Problem description — In the records below, repeat exactly the lines between the line holding "浴室置物架牙刷牙杯洗脸巾纸巾多功能洗漱台卫生间免打孔收纳架子" and the line holding "[•] ƯU ĐIỂM", inclusive, and drop the pictures.

Entries provided —

------------

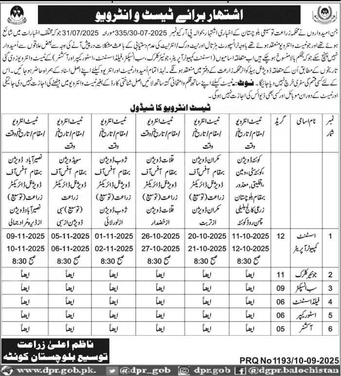 Candidates who applied for the posts advertised by the Agriculture Extension Department Balochistan vide PRQ No. 2025-07-335/30 dated 31/07/2025, which was published in various newspapers, and whose tests and interviews were scheduled, but could not attend due to transport strike and network/internet unavailability in some areas, are informed that those tests and interviews have been cancelled as per higher authority orders. Now, the tests and interviews for the concerned posts (Assistant Computer Operator, Junior Clerk, Sub-Inspector, Field Assistant, Store Keeper, and Auctioneer) will be held at the respective Divisional Headquarter offices of the Agriculture Department on the dates given in the schedule below. Therefore, all candidates are required to appear with their original documents for the test and interview. No travel allowance will be provided for this. Note: Bring a pen and examination board for the test. Entry to the test and interview will not be allowed without the original CNIC, and mobile phones or any other device are not permitted during the test.
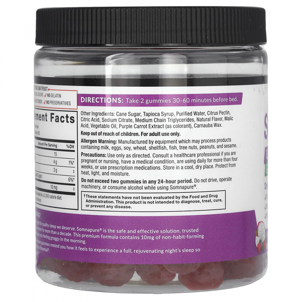 Многим из нас сложно получить качественный сон, которого мы заслуживаем. Somnapure® — это безопасное и эффективное решение, уже более десяти лет заслуживающее доверия бесчисленного количества мужчин и женщин. Эта формула премиального качества содержит 10 мг мелатонина, не вызывающего привыкания и сонливости по утрам.
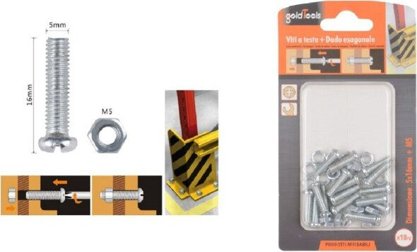 Set 18 Pz Viti Vite Testa A Croce Tonda 5x16 Mm Con Dadi Dado Esagonale M5 90967
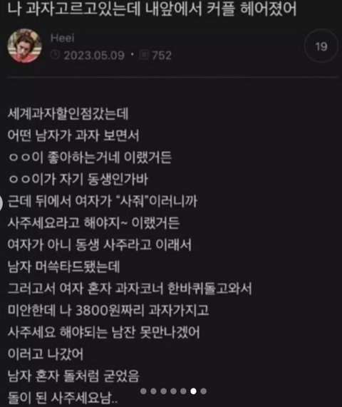 여자가 맘 식었거나 남자가 평소에 이런걸로 생색 뒤지게 내거나 둘중 하나일듯...
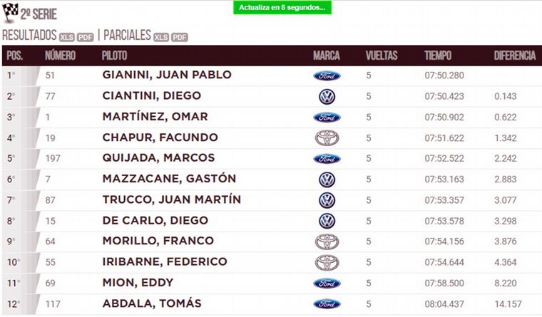 En esta batería, el campeón del TC, José Manuel Urcera (Hilux) arribó octavo, mientras que el cordobés Rodrigo Lugon (Hilux) llegó 10°.
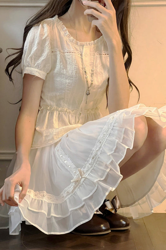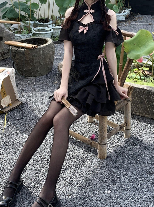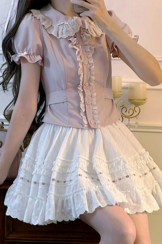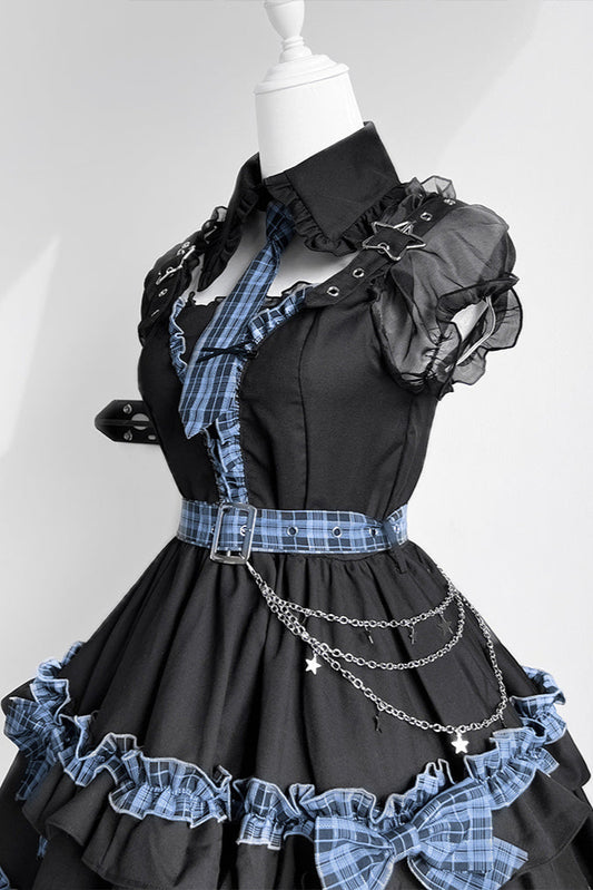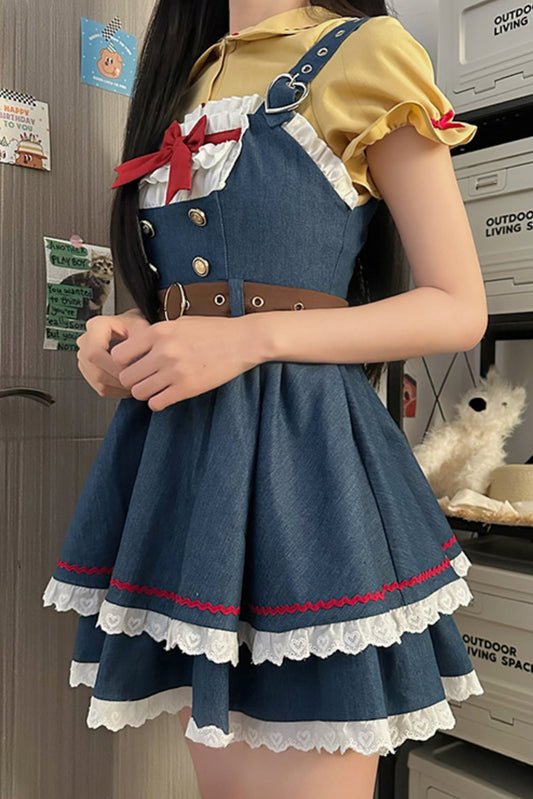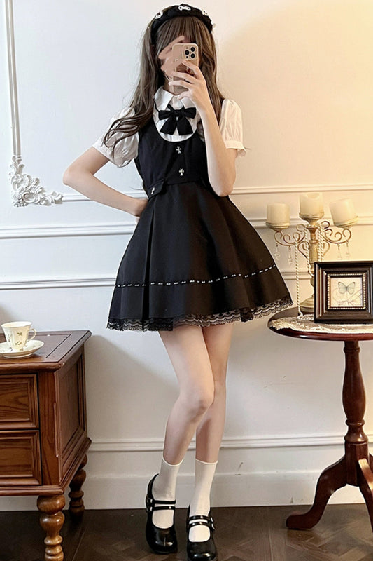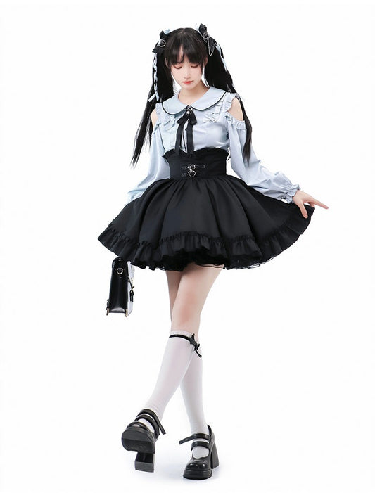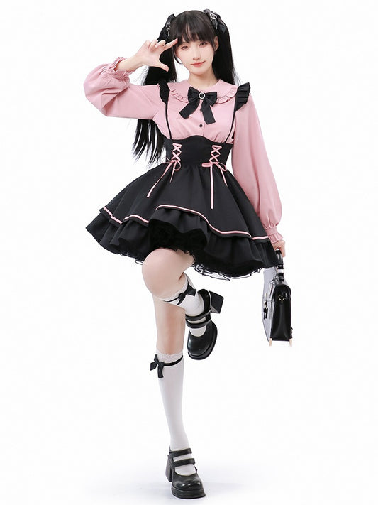 スイートピンクシャツブラックサスペンダースカートミュウ地雷セットアップ【ショート・ロング】
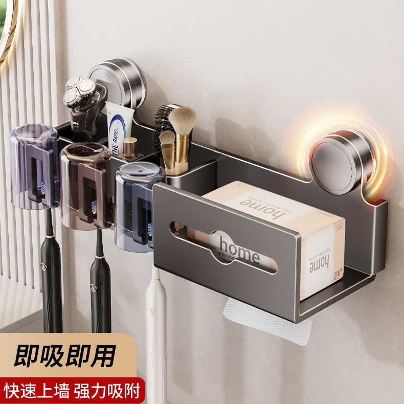 浴室置物架牙刷牙杯洗脸巾纸巾多功能洗漱台卫生间免打孔收纳架子
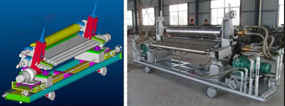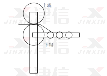 如图中所示:设备采用了上下两个压辊,玻璃从两个压辊中间经过,完成压延。在压延过程中两个辊需要同步,使玻璃平滑。
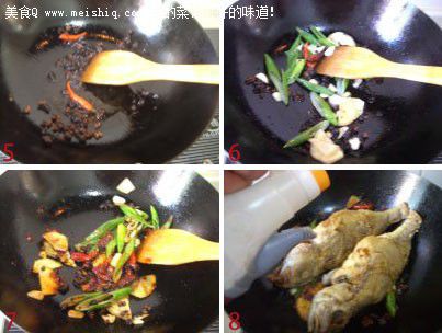 下入豆豉煸炒。接着下葱姜蒜片煸炒出香味。下入一勺红油豆瓣酱煸炒出红油。
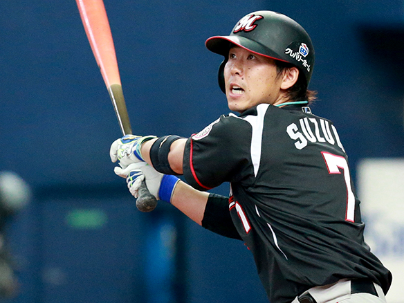 鈴木が外野へ犠飛を飛ばし同点に追い付いた
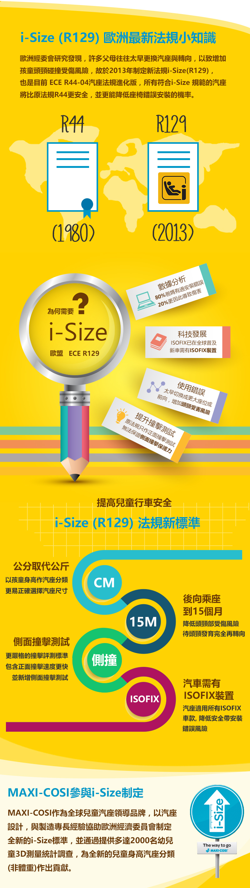 歐洲經濟委員在 ECE R44/04法規推行30年後,根據歷史數據研究發現,許多父母往往太早更換汽座與轉向,以致增加孩童頭頸碰撞受傷風險,故於 2013 年推出新法規 i-Size (R129),所有符合 i-Size 規範的汽座將比以前更安全5倍,並更能降低座椅錯誤安裝的機率,法規包含:
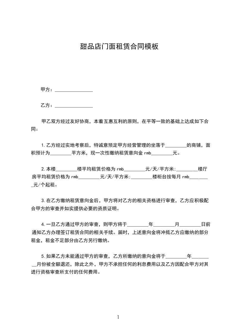 1.乙方经过实地考察后,特诚意预定甲方经营管理的坐落于_________的商铺,面积预计为_________平方米,现一次性缴纳租赁意向金rmb_________元。
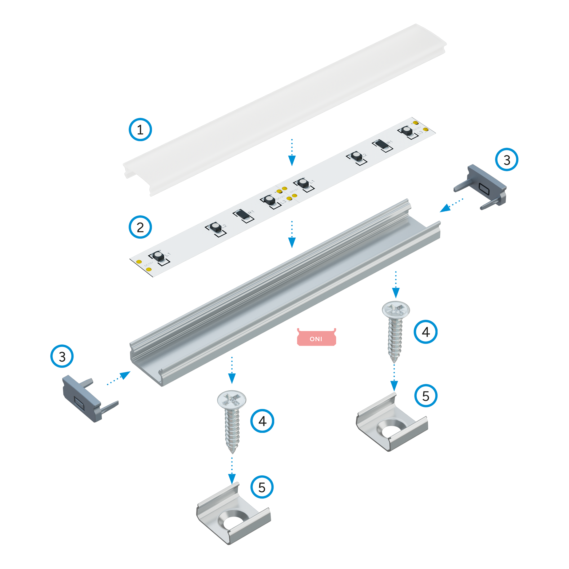 Schemat złożenia elementów systemu oświetleniowego z wykorzystaniem profilu ONI oraz (1) klosza LEAN, (2) taśmy LED, (3) zaślepek, (4) wkrętów, (5) uchwytów montażowych.
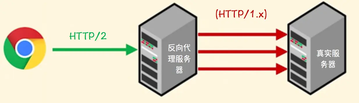 反向代理服务器位于客户端和真正的服务器之间,用于对高并发访问的服务器进行负载均衡。在这种情况下头阻塞主要发生在客户端和代理服务器之间的通信,因此在代理服务器中支持HTTP/2可以消除大部分头阻塞带来的性能问题。而代理服务器和真正的服务器之间仍然采用HTTP/1.x进行通信。
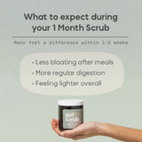 I have been really enjoying my experience thus far with Gut Scrub knowing I am holistically healing my gut health. My results have been slower, haven't seen anything out of the ordinary in the toilet yet, but I'm being patient and trusting the process! I have noticed an improvement in my skin, but I’m definitely going to ramp up my dose next full moon cycle and hopefully see some more results!
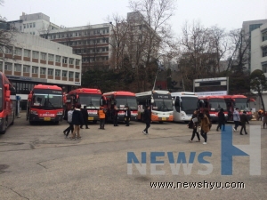 | ▲ 17일. 한양대학교 학생들이 오리엔테이션을 참석하기 위해 버스에 탑승하고 있다. | ||
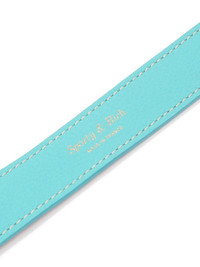 double-buckled leather dog collar Highlights - Cyan blue - Calf leather - Grained texture - Logo stamp to the rear - Contrast stitching - Double buckle fastening - Punched holes - Pointed tip - Adjustable fit Made in France Composition Calf Leather 100%, Metal 100%
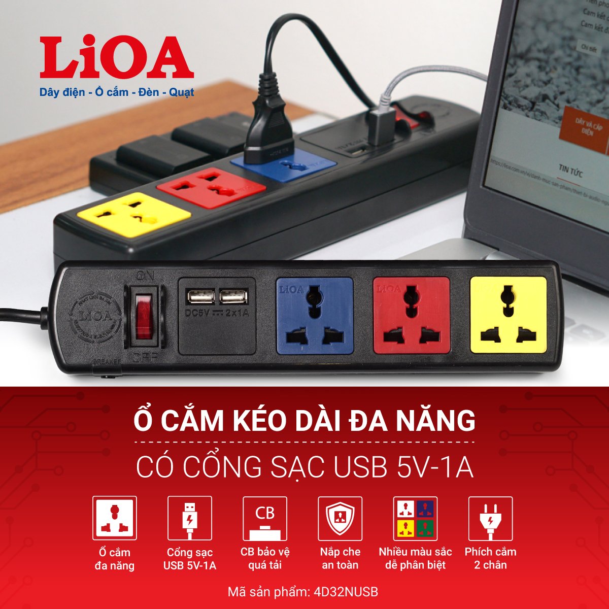 [•] ƯU ĐIỂM VƯỢT TRỘI Ổ CẮM SẠC USB LIOA 4D32NUSB:
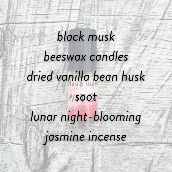Witch will naturally work with your own skin chemistry for a unique fragrance. Starts with sooty vanilla, and will persist with the vanillic notes for a few hours, finally drying down to a black oud musk. The jasmine is a soft background note to round out and add a layer of mystery.
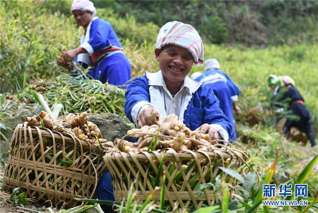 近年來,廣西賀州市平桂區(qū)努力培育扶貧產(chǎn)業(yè),在6個土瑤聚居的深度貧困村發(fā)展大肉姜種植,帶動當(dāng)?shù)厝罕娒撠氈赂?。目前,這6個深度貧困村大肉姜種植面積已達(dá)3166畝,實現(xiàn)了“戶均兩畝姜”的發(fā)展目標(biāo),大肉姜已成為當(dāng)?shù)厝罕娫鍪盏闹匾a(chǎn)業(yè)。 新華社記者 陸波岸 攝
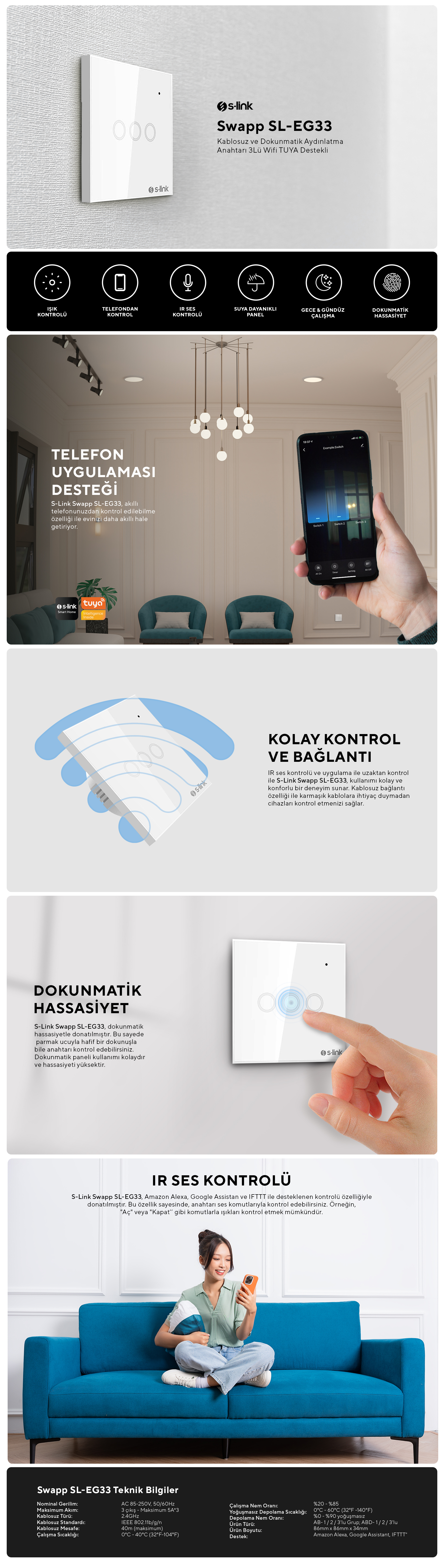 | Etiketler | S-link SL-EG33 Kablosuz ve Dokunmatik Aydınlatma Anahtarı 3'Lü Wifi TUYA Destekli |
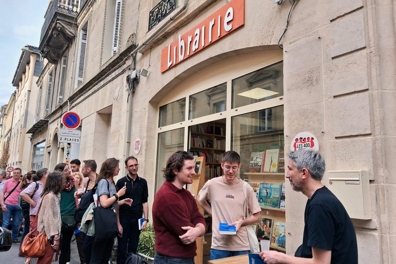 Ce week-end, la librairie Les 400 Coups (36 rue du Maréchal Joffre), dans le centre de Bordeaux, a accueilli une séance de dédicaces pas tout à fait comme les autres. L’auteur et humoriste Guillaume Meurice y rencontrait ses lecteurs… directement sur le trottoir, devant la boutique.
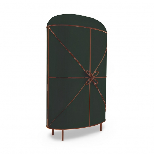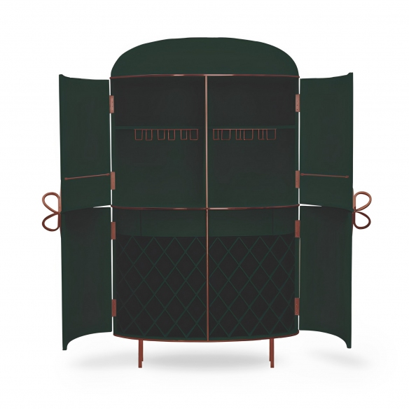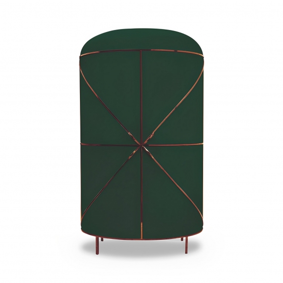MDF cabinet from 88 Secrets collection, 190 cm high. A captivating design combined with luxurious glamor, this furnishing accessory has been created to instill elegance, with gorgeous metallic finishes that complements its sophisticated and eye-cathing shapes, underlining its beauty. It has slim legs, which add a modern touch, and shelves to give you all the storage space you need. It's a perfect accent to any setting! Designed by Nika Zupanc for Scarlet Splendour

------------

Answer to this exercise —
 浴室置物架牙刷牙杯洗脸巾纸巾多功能洗漱台卫生间免打孔收纳架子
 如图中所示:设备采用了上下两个压辊,玻璃从两个压辊中间经过,完成压延。在压延过程中两个辊需要同步,使玻璃平滑。
 下入豆豉煸炒。接着下葱姜蒜片煸炒出香味。下入一勺红油豆瓣酱煸炒出红油。
 鈴木が外野へ犠飛を飛ばし同点に追い付いた
 歐洲經濟委員在 ECE R44/04法規推行30年後,根據歷史數據研究發現,許多父母往往太早更換汽座與轉向,以致增加孩童頭頸碰撞受傷風險,故於 2013 年推出新法規 i-Size (R129),所有符合 i-Size 規範的汽座將比以前更安全5倍,並更能降低座椅錯誤安裝的機率,法規包含:
 1.乙方经过实地考察后,特诚意预定甲方经营管理的坐落于_________的商铺,面积预计为_________平方米,现一次性缴纳租赁意向金rmb_________元。
 Schemat złożenia elementów systemu oświetleniowego z wykorzystaniem profilu ONI oraz (1) klosza LEAN, (2) taśmy LED, (3) zaślepek, (4) wkrętów, (5) uchwytów montażowych.
 反向代理服务器位于客户端和真正的服务器之间,用于对高并发访问的服务器进行负载均衡。在这种情况下头阻塞主要发生在客户端和代理服务器之间的通信,因此在代理服务器中支持HTTP/2可以消除大部分头阻塞带来的性能问题。而代理服务器和真正的服务器之间仍然采用HTTP/1.x进行通信。
 I have been really enjoying my experience thus far with Gut Scrub knowing I am holistically healing my gut health. My results have been slower, haven't seen anything out of the ordinary in the toilet yet, but I'm being patient and trusting the process! I have noticed an improvement in my skin, but I’m definitely going to ramp up my dose next full moon cycle and hopefully see some more results!
 | ▲ 17일. 한양대학교 학생들이 오리엔테이션을 참석하기 위해 버스에 탑승하고 있다. | ||
 double-buckled leather dog collar Highlights - Cyan blue - Calf leather - Grained texture - Logo stamp to the rear - Contrast stitching - Double buckle fastening - Punched holes - Pointed tip - Adjustable fit Made in France Composition Calf Leather 100%, Metal 100%
 [•] ƯU ĐIỂM VƯỢT TRỘI Ổ CẮM SẠC USB LIOA 4D32NUSB:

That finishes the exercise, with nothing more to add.